ProcessingResult.valid is derived from diagnostics. Any diagnostic with severity error makes the result invalid.

Registration Strategy

Start with in-package registration:

markitect_tool/extensions/
  query_selector.py
  query_jsonpath.py
  backend_local_sqlite.py
  processors_builtin.py

Each module exposes one or more descriptors plus a registration function. The root registry can be assembled explicitly at import time or by a small internal discovery list. Source adapters are the first external package-discovery slice and use the markitect_tool.source_adapters entry point group defined in docs/source-adapter-contract.md. Render/export adapters use markitect_tool.render_export_adapters and keep concrete renderer execution in external packages. Render reference and asset manifests remain built-in passive contracts; they do not need adapter discovery.

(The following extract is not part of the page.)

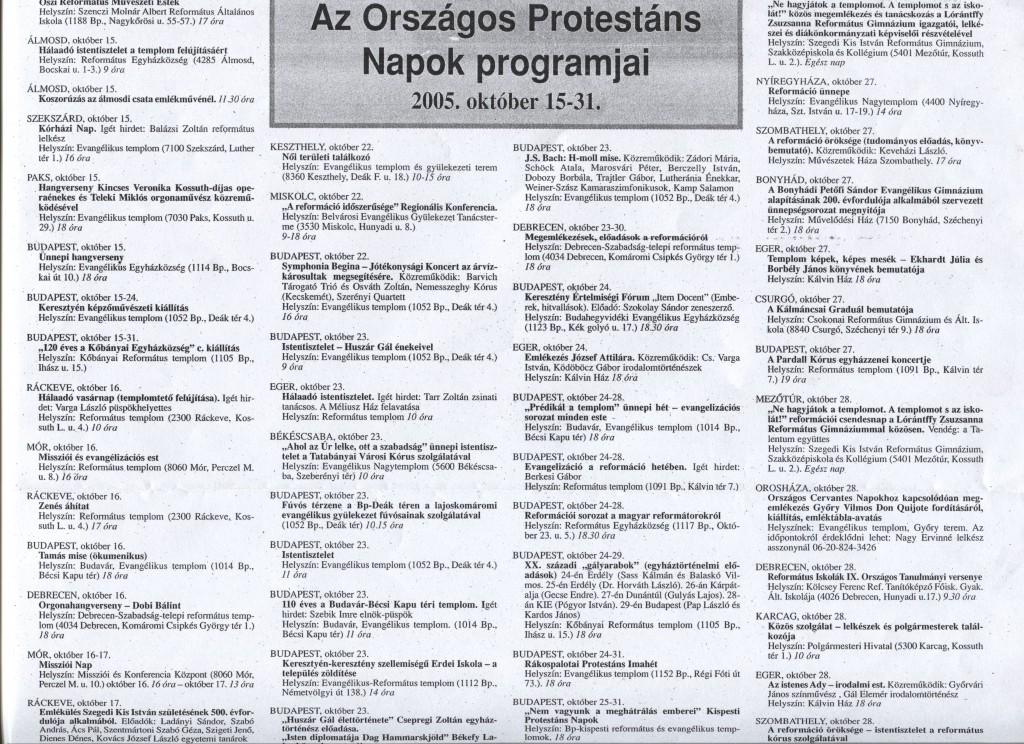 Iskolánk is szerepelt az országos programok között rendezvényével. Forrás Reformátusok Lapja Megjelenés dátuma 2005. 10. 08. Rögzítés dátuma 2011. 01. 04.
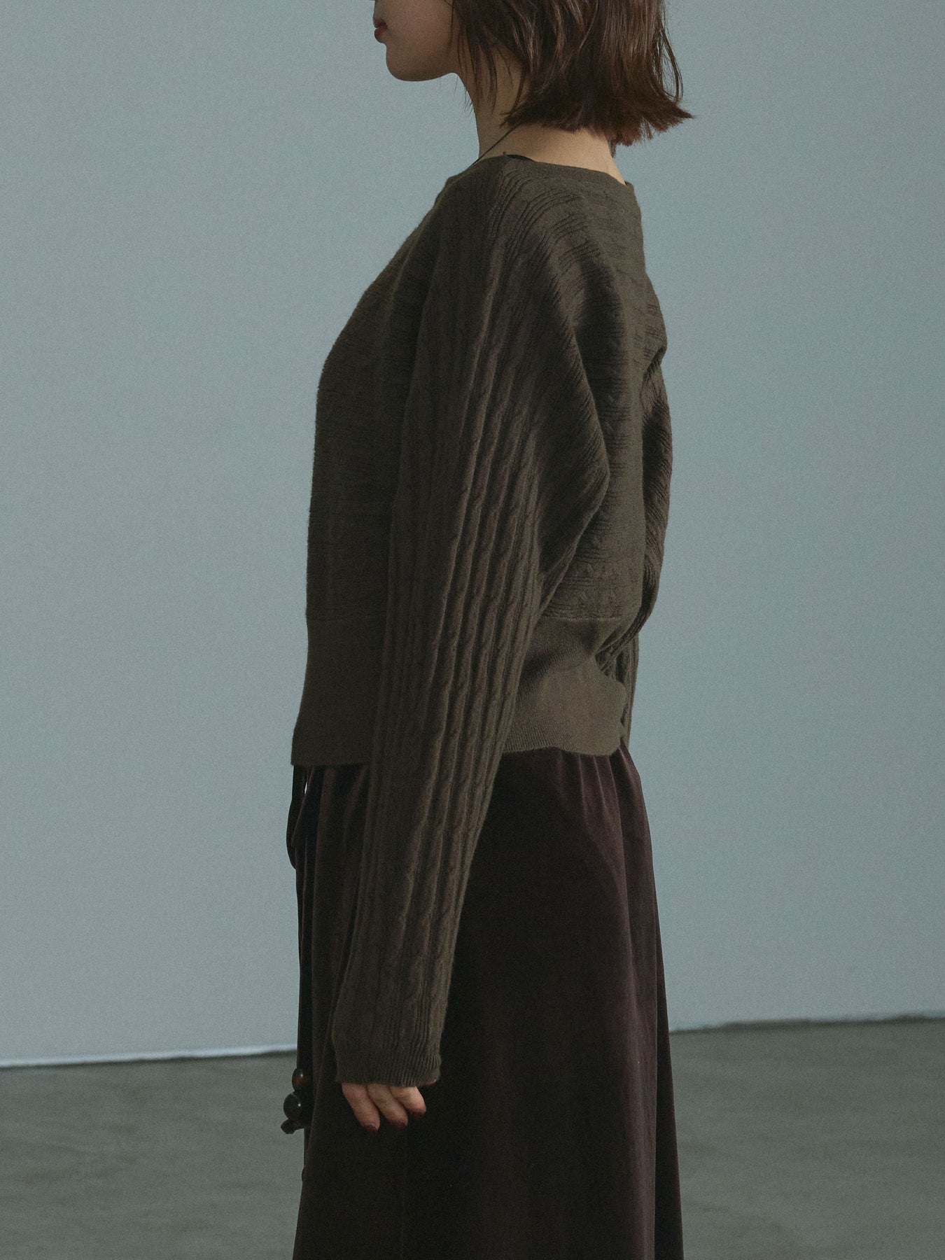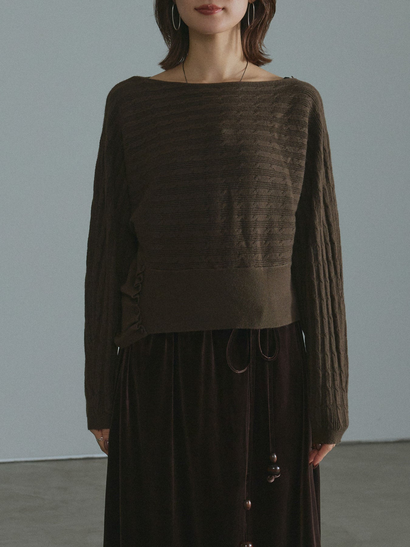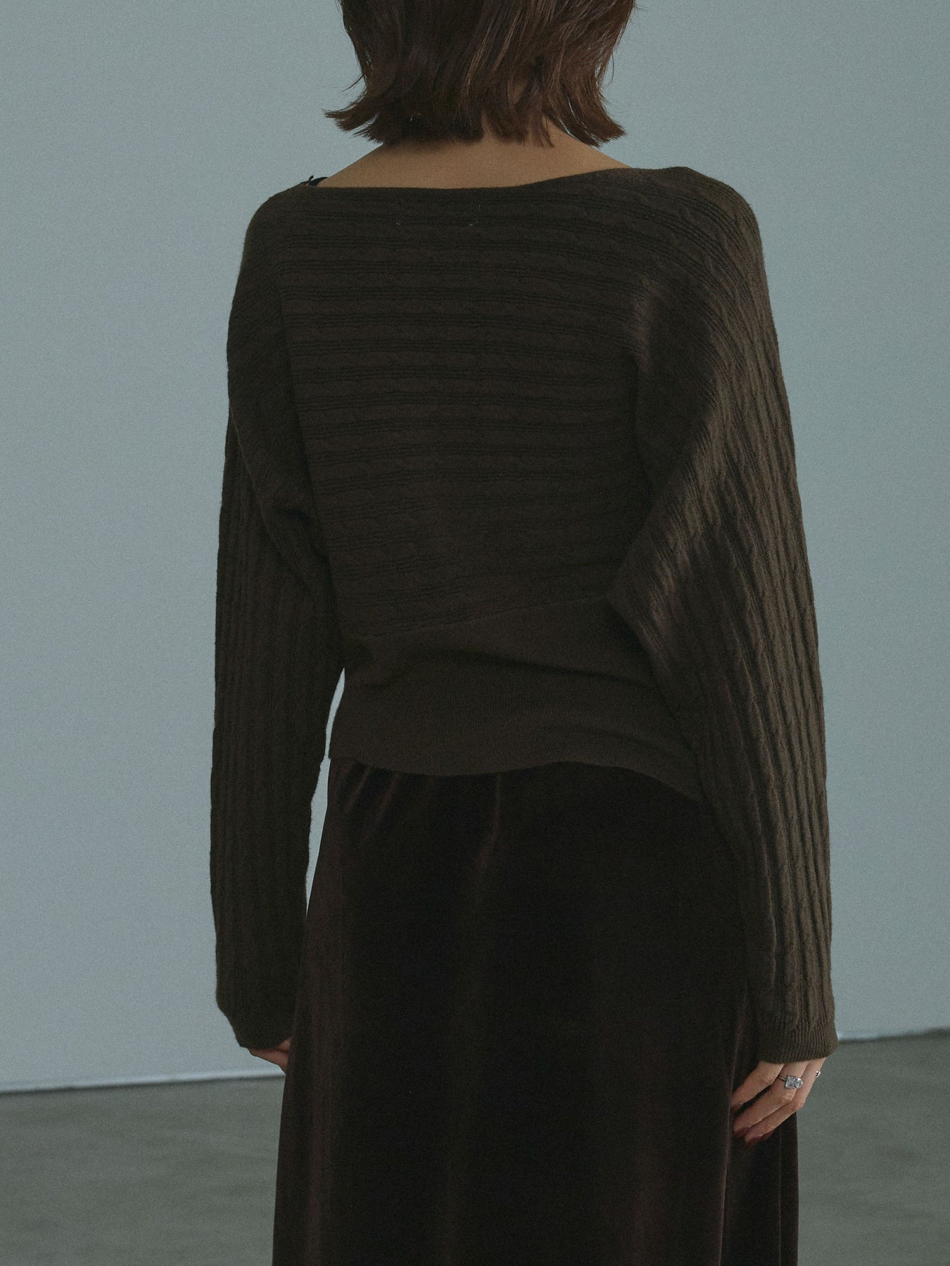 [予約]ワンショルケーブル編みニット/brown

See docs/extension-authoring.md for the extension authoring checklist and descriptor template.

Registry Use

Extension registries are optimized for common lookup patterns:

  • registry.get("backend.local-sqlite")
  • registry.list(kind="query-engine")
  • registry.require_capability("fts")
  • registry.check_dependencies("jsonpath")

Kinds and capabilities are indexed at registration time, so large registries can avoid repeated full scans for basic discovery.

The same registry is exposed on the CLI for practical discovery:

mkt extension list
mkt extension inspect memory.context-package
mkt extension commands

This makes the extension catalog part of the user-visible contract. When a capability gains a CLI command, the descriptor should declare that command so generated docs and audits can compare intent with the live surface.

Execution Lifecycle

ExtensionExecutor wraps a descriptor factory with deterministic lifecycle hooks:

  1. Fetch descriptor.
  2. Check required optional dependencies.
  3. Instantiate callable implementation.
  4. Run before callbacks.
  5. Execute implementation.
  6. Normalize result type.
  7. Append extension.executed trace.
  8. Run success or failure callbacks.
  9. Run final after callbacks.

Callbacks are explicit. The framework does not introduce hidden global behavior.

Compatibility Rules

The refactor must preserve:

  • current library APIs such as query_document
  • current CLI commands and output envelopes
  • current diagnostic codes where users may rely on them
  • current provenance operation strings unless intentionally deprecated
  • optional dependency behavior for JSONPath and future adapters
  • cache/index file compatibility unless a migration is documented

The first implementation adds canonical processing envelopes, extension descriptors, registries, lifecycle callbacks, query-engine registry shims, built-in extension descriptors, and CLI command specs while preserving existing public commands.

Characterization Coverage

Before refactoring, lock down:

  • selector query and extraction
  • optional JSONPath diagnostics
  • processor registry behavior and provenance
  • backend manifest registry and capability checks
  • local SQLite snapshot/index/search behavior
  • content reference resolution
  • representative CLI command envelopes
  • provenance and diagnostic shapes

These tests are deliberately a little redundant with unit tests. Their job is to protect the current public behavior while internals move behind extension descriptors and registries.